**PROMPT**. Take the whole listing and reproduce it exactly, pictures excepted.

━━━ PROVIDED RECORDS

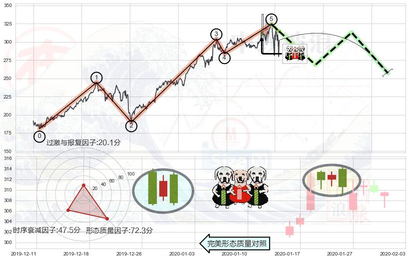 ➢ 🕰 价格走势在2020-01-27至2020-01-28期间形成顶部尽头线(下山虎),残存影响值:-3.11
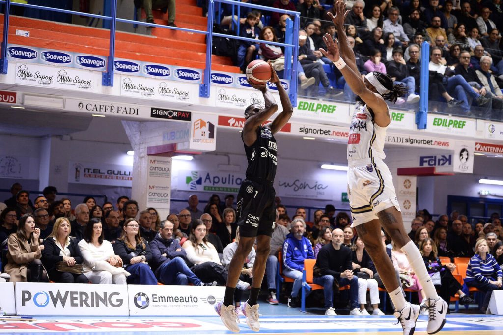 Brusco stop nella corsa ai playoff per l’Aquila Basket, sconfitta per 89 a 82 nella sfida contro il fanalino di coda Brindisi, che rilancia le sue ambizioni di salvezza giocando una partita di grande carattere e concretizzando le proprie occasioni in un ultimo quarto particolarmente complicato per Forray e compagni. L’Aquila Basket è scesa in campo senza Andrejs Grazulis, fermato poco prima dell’inizio del match da un problema al ginocchio che sarà valutato al rientro della squadra a Trento; tra le note liete di serata, i 17 punti di un sempre più convincente Matt Mooney e soprattutto il massimo in carriera da 16 punti del classe 2004 Saliou Niang (8/11 dal campo, 5 rimbalzi e 2 recuperi in 20’ di gioco).
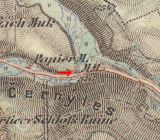 Zřícenina mlýna který zřejmě existoval pouze několik desetiletí a zanikl již před rokem 1930. Mlýn je zachycen pouze na III. vojenském mapování.
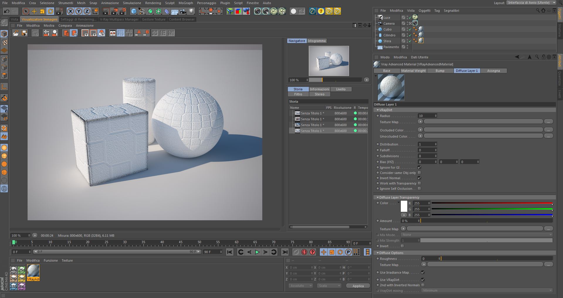 Pero ho fatto un test creando un materiale ed utilizzando un vrayshader blend. In pratica con questo shader si fondono due texture.
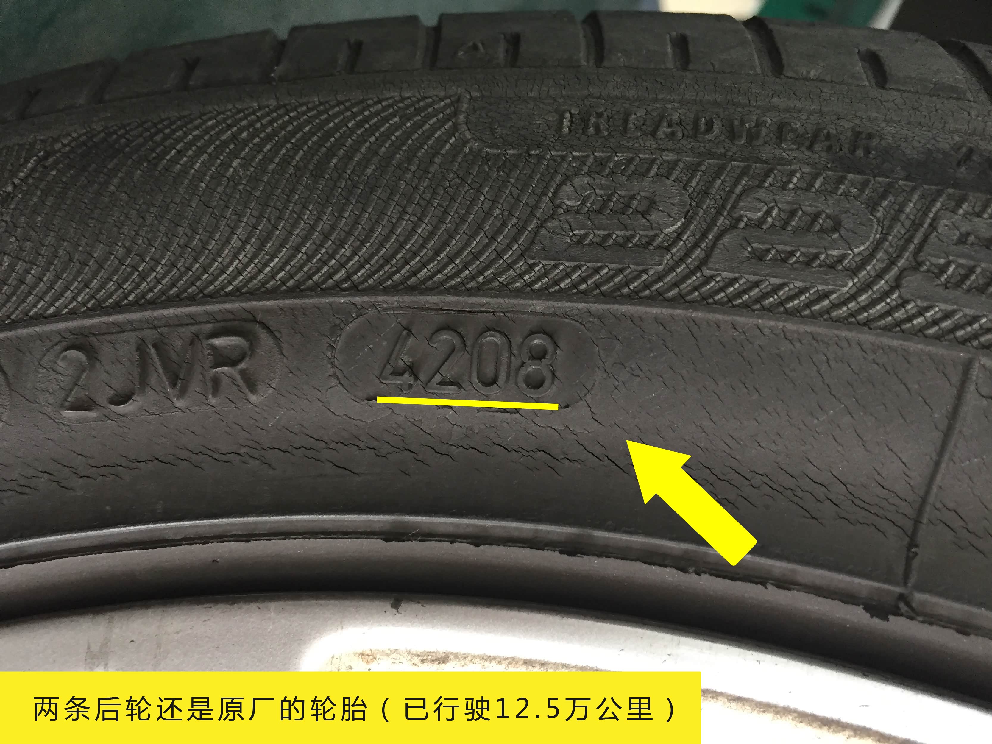 在检测轮胎时惊奇的发现两条后轮都是原厂胎,上图箭头处的“08”代表年份,前面的“42”代表当年的第几周所生产的。所以这条轮胎大致是2008年10月左右,已经行驶了12.5万公里未更换。
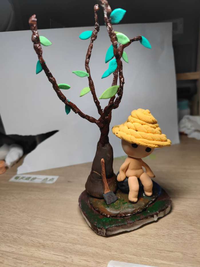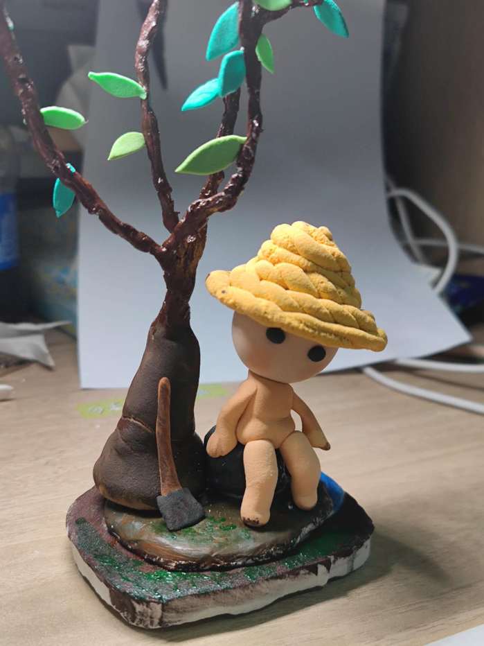 本作品利用粘土的表现形式展现劳动过后的劳动者于树荫下随意闲坐休憩的场景。劳动者在疲劳的工作过后,手脚和劳动工具上的泥土还没来得及清洗,展现了普通劳动者辛勤劳作、积极奋斗的精神以及对于生活的热爱。
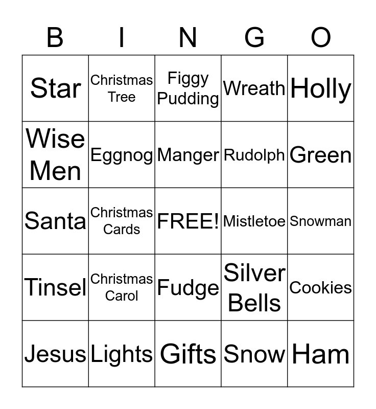 This bingo card has a free space and 24 words: Christmas Carol, Lights, Manger, Jesus, Holly, Star, Wise Men, Christmas Tree, Mistletoe, Fudge, Rudolph, Santa, Silver Bells, Cookies, Eggnog, Snow, Snowman, Figgy Pudding, Green, Christmas Cards, Ham, Tinsel, Wreath and Gifts.
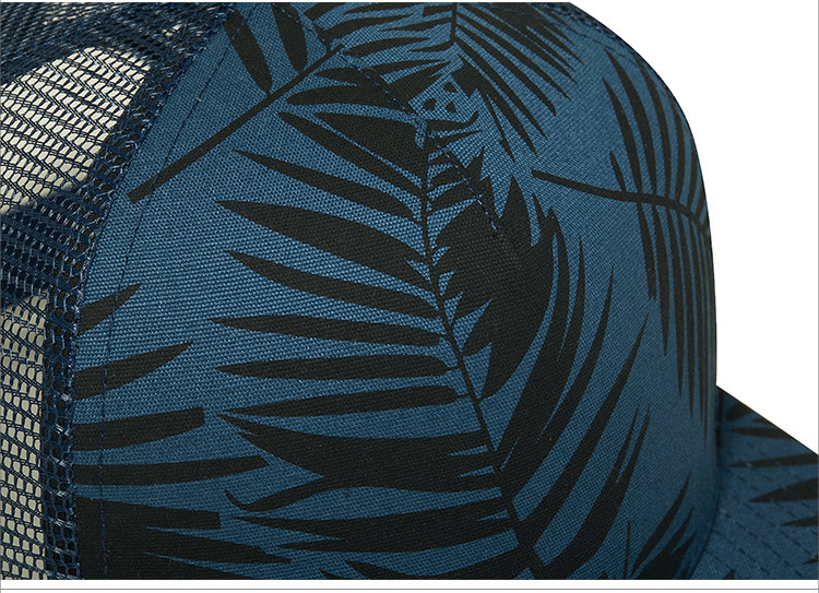 Stylish Palm Leaf Print Mesh Trucker Cap
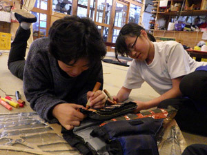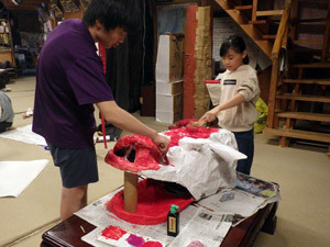 そしてさらに、参加してくれた人のゲン担ぎとして、獅子舞も作っています。「獅子舞に噛みつかれたらいいことがおこるらしい」と来てくれた人の喜ぶ顔をイメージして仕上げていきます。
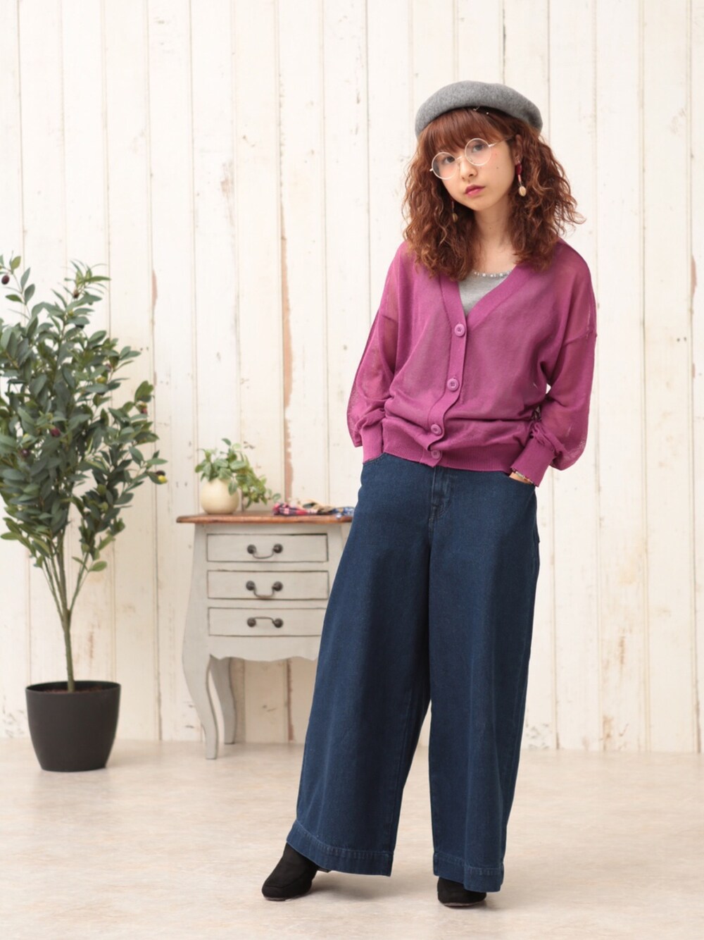 ピタちゃんのカーディガン/ボレロ「Vネックショートカーデ」を使ったコーディネート
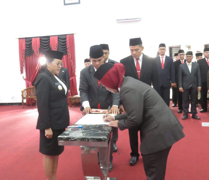 LANDAK – Bupati Landak, Karolin Margret Natasa, melantik dan mengambil sumpah jabatan 61 pejabat pimpinan tinggi pratama, administrator, dan pengawas di lingkungan Pemerintah Kabupaten Landak. Acara pelantikan berlangsung di Aula Kantor Bupati Landak, Selasa (4/11/2025).
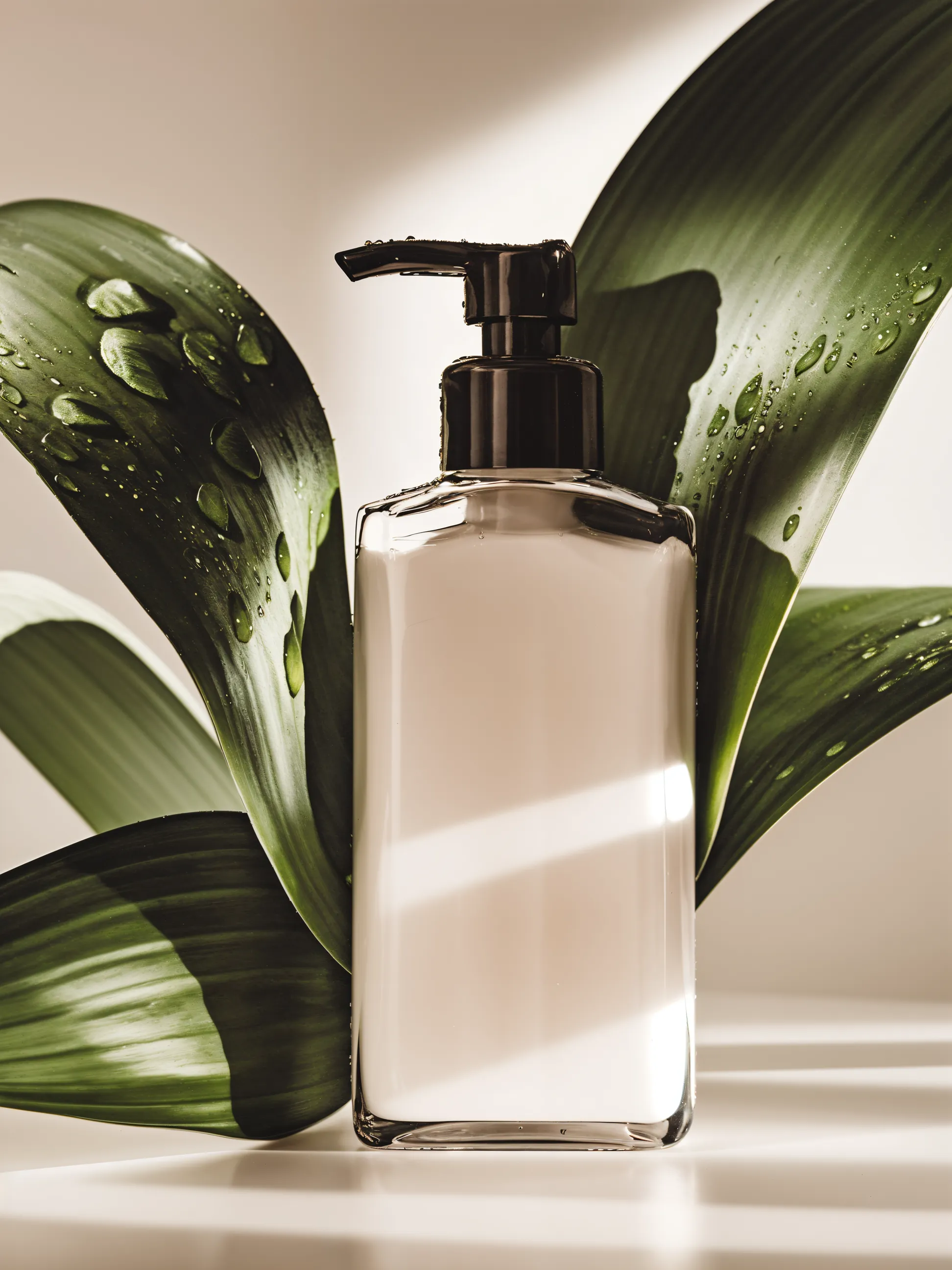 A larger minimalist rectangular semi-opaque glass bottle with white facial cleanser inside, featuring a slim black metal pump top, stands elegantly amidst two large, curved green leaves with dew droplets, suggesting freshness and vitality. The leaves wrap around the bottle, creating a dynamic composition that emphasizes nature. The background is minimal and softly illuminated, enhancing the pristine and crisp look of the product. The lighting creates subtle shadows, adding depth and focus on the bottle. The arrangement conveys a sense of purity and sophistication, with a serene and refreshing mood, without any label, just a plain bottle with no round corners.

━━━━━━

**ANSWER BOX**.
 ➢ 🕰 价格走势在2020-01-27至2020-01-28期间形成顶部尽头线(下山虎),残存影响值:-3.11
 Brusco stop nella corsa ai playoff per l’Aquila Basket, sconfitta per 89 a 82 nella sfida contro il fanalino di coda Brindisi, che rilancia le sue ambizioni di salvezza giocando una partita di grande carattere e concretizzando le proprie occasioni in un ultimo quarto particolarmente complicato per Forray e compagni. L’Aquila Basket è scesa in campo senza Andrejs Grazulis, fermato poco prima dell’inizio del match da un problema al ginocchio che sarà valutato al rientro della squadra a Trento; tra le note liete di serata, i 17 punti di un sempre più convincente Matt Mooney e soprattutto il massimo in carriera da 16 punti del classe 2004 Saliou Niang (8/11 dal campo, 5 rimbalzi e 2 recuperi in 20’ di gioco).
 Zřícenina mlýna který zřejmě existoval pouze několik desetiletí a zanikl již před rokem 1930. Mlýn je zachycen pouze na III. vojenském mapování.
 Pero ho fatto un test creando un materiale ed utilizzando un vrayshader blend. In pratica con questo shader si fondono due texture.
 在检测轮胎时惊奇的发现两条后轮都是原厂胎,上图箭头处的“08”代表年份,前面的“42”代表当年的第几周所生产的。所以这条轮胎大致是2008年10月左右,已经行驶了12.5万公里未更换。
 本作品利用粘土的表现形式展现劳动过后的劳动者于树荫下随意闲坐休憩的场景。劳动者在疲劳的工作过后,手脚和劳动工具上的泥土还没来得及清洗,展现了普通劳动者辛勤劳作、积极奋斗的精神以及对于生活的热爱。
 This bingo card has a free space and 24 words: Christmas Carol, Lights, Manger, Jesus, Holly, Star, Wise Men, Christmas Tree, Mistletoe, Fudge, Rudolph, Santa, Silver Bells, Cookies, Eggnog, Snow, Snowman, Figgy Pudding, Green, Christmas Cards, Ham, Tinsel, Wreath and Gifts.
 Stylish Palm Leaf Print Mesh Trucker Cap
 そしてさらに、参加してくれた人のゲン担ぎとして、獅子舞も作っています。「獅子舞に噛みつかれたらいいことがおこるらしい」と来てくれた人の喜ぶ顔をイメージして仕上げていきます。
 ピタちゃんのカーディガン/ボレロ「Vネックショートカーデ」を使ったコーディネート
 LANDAK – Bupati Landak, Karolin Margret Natasa, melantik dan mengambil sumpah jabatan 61 pejabat pimpinan tinggi pratama, administrator, dan pengawas di lingkungan Pemerintah Kabupaten Landak. Acara pelantikan berlangsung di Aula Kantor Bupati Landak, Selasa (4/11/2025).
 A larger minimalist rectangular semi-opaque glass bottle with white facial cleanser inside, featuring a slim black metal pump top, stands elegantly amidst two large, curved green leaves with dew droplets, suggesting freshness and vitality. The leaves wrap around the bottle, creating a dynamic composition that emphasizes nature. The background is minimal and softly illuminated, enhancing the pristine and crisp look of the product. The lighting creates subtle shadows, adding depth and focus on the bottle. The arrangement conveys a sense of purity and sophistication, with a serene and refreshing mood, without any label, just a plain bottle with no round corners.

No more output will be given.